## ASSIGNMENT
Please set down exactly the lines of the listing below from the line containing "Serve at once" through the line containing "Country landscape in", both lines included, leaving out all other lines.

*** DATA EXTRACT ***

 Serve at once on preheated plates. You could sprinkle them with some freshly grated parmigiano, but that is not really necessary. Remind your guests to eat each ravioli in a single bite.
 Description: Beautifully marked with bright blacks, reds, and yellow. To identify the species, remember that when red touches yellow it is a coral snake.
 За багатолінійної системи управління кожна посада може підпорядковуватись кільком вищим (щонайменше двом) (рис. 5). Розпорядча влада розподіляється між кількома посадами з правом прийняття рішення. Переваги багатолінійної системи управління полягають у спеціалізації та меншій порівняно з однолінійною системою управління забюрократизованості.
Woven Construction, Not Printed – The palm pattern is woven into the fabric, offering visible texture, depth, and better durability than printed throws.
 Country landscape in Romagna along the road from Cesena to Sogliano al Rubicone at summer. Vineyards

*** End of DATA EXTRACT ***
*** DATA EXTRACT ***

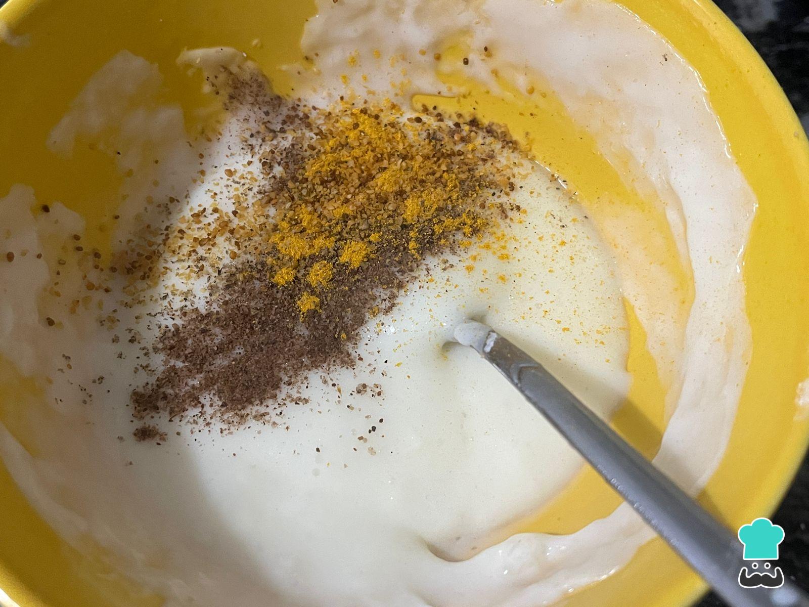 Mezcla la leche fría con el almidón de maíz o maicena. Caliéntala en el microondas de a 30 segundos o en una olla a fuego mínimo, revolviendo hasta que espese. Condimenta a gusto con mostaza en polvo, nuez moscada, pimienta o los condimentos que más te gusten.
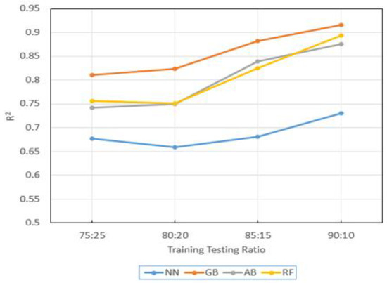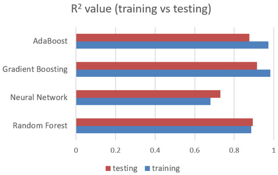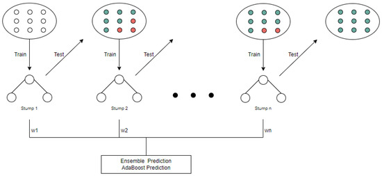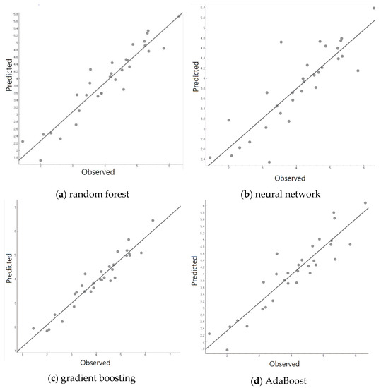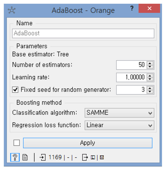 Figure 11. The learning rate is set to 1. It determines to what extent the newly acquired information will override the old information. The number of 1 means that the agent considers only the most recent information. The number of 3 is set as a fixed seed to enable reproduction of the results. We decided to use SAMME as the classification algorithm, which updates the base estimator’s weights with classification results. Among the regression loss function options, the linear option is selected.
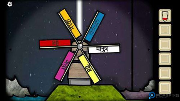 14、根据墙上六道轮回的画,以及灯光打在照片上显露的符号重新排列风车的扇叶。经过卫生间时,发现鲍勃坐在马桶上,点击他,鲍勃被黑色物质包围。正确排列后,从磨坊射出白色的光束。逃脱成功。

*** End of DATA EXTRACT ***
*** DATA EXTRACT ***

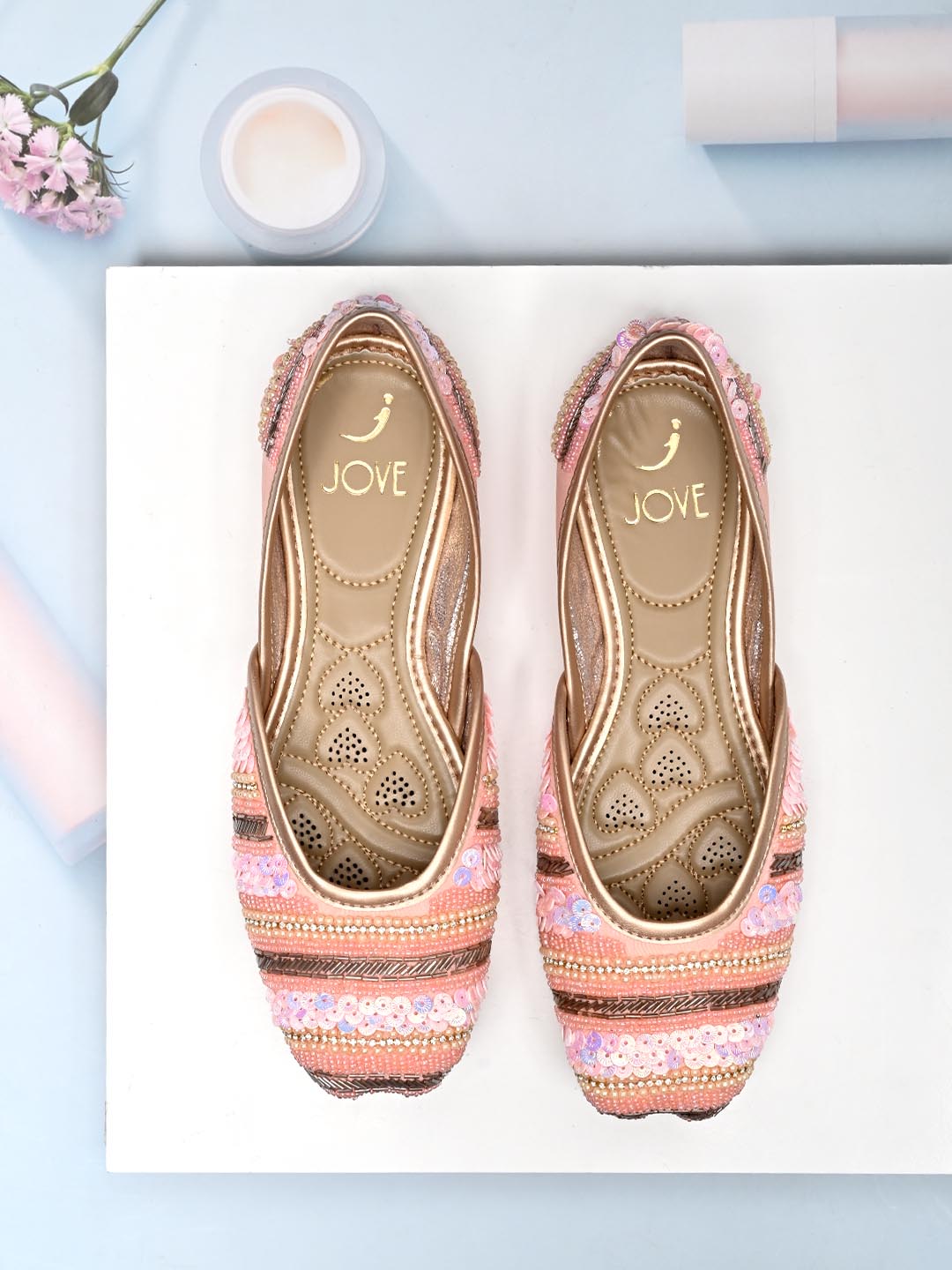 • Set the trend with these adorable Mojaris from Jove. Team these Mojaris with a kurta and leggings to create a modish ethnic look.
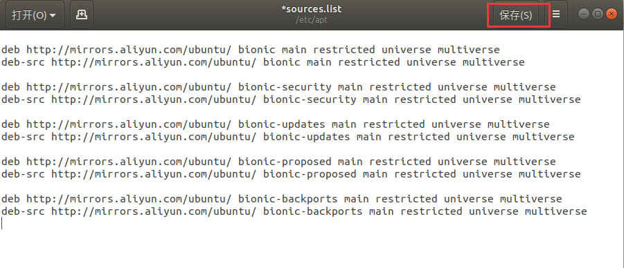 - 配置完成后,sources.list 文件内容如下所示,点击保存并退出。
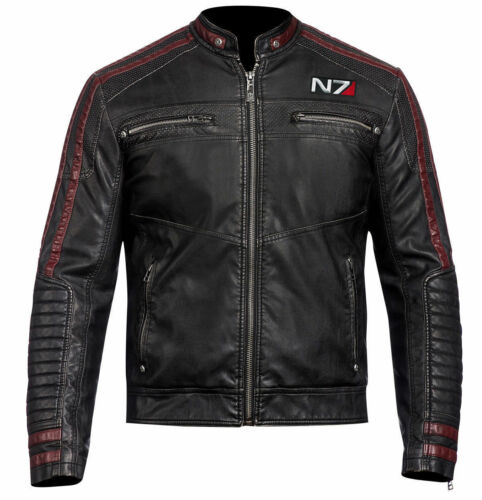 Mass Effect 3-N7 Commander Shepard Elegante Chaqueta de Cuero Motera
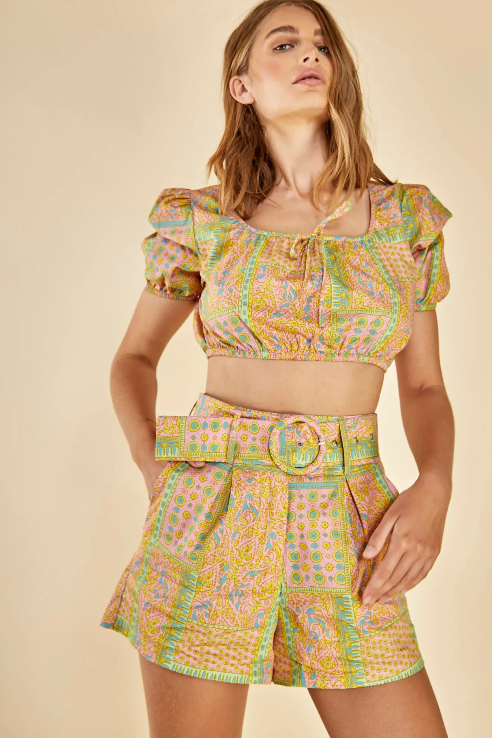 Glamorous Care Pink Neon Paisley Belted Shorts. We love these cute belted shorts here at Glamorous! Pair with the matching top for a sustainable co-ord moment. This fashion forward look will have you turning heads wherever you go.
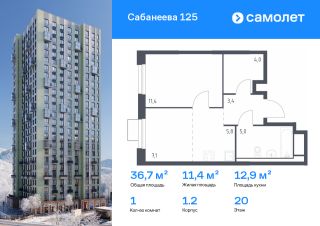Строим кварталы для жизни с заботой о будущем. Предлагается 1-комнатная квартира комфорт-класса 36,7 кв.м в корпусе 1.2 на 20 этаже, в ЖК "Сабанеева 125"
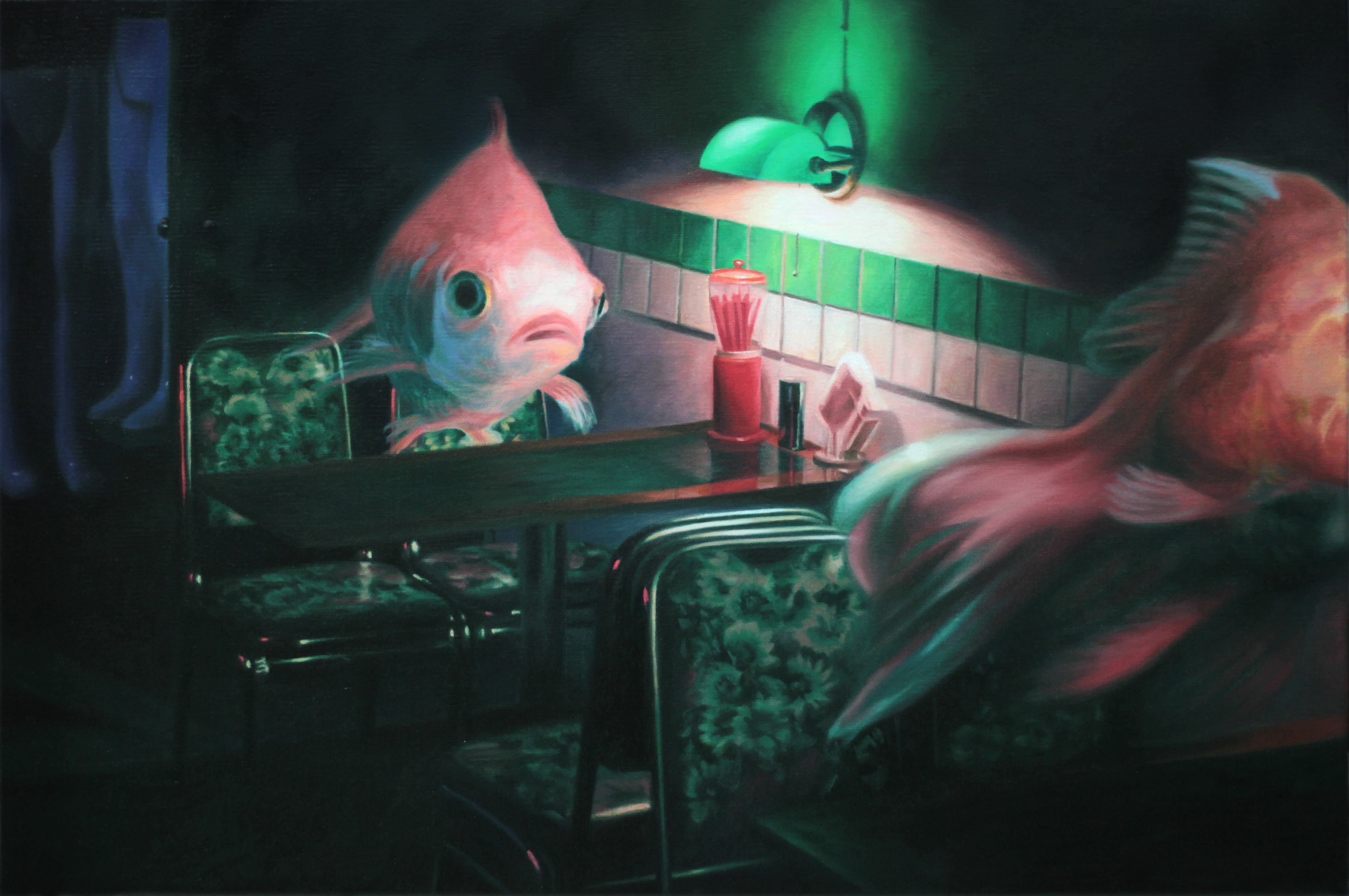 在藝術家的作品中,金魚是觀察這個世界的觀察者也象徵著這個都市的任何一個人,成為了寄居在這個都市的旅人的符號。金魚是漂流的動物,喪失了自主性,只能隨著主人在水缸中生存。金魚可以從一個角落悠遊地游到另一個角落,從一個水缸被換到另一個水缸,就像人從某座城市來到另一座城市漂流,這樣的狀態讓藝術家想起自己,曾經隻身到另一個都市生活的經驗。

*** End of DATA EXTRACT ***

## SOLUTION TO THE EXERCISE
 Serve at once on preheated plates. You could sprinkle them with some freshly grated parmigiano, but that is not really necessary. Remind your guests to eat each ravioli in a single bite.
 Description: Beautifully marked with bright blacks, reds, and yellow. To identify the species, remember that when red touches yellow it is a coral snake.
 За багатолінійної системи управління кожна посада може підпорядковуватись кільком вищим (щонайменше двом) (рис. 5). Розпорядча влада розподіляється між кількома посадами з правом прийняття рішення. Переваги багатолінійної системи управління полягають у спеціалізації та меншій порівняно з однолінійною системою управління забюрократизованості.
Woven Construction, Not Printed – The palm pattern is woven into the fabric, offering visible texture, depth, and better durability than printed throws.
 Country landscape in Romagna along the road from Cesena to Sogliano al Rubicone at summer. Vineyards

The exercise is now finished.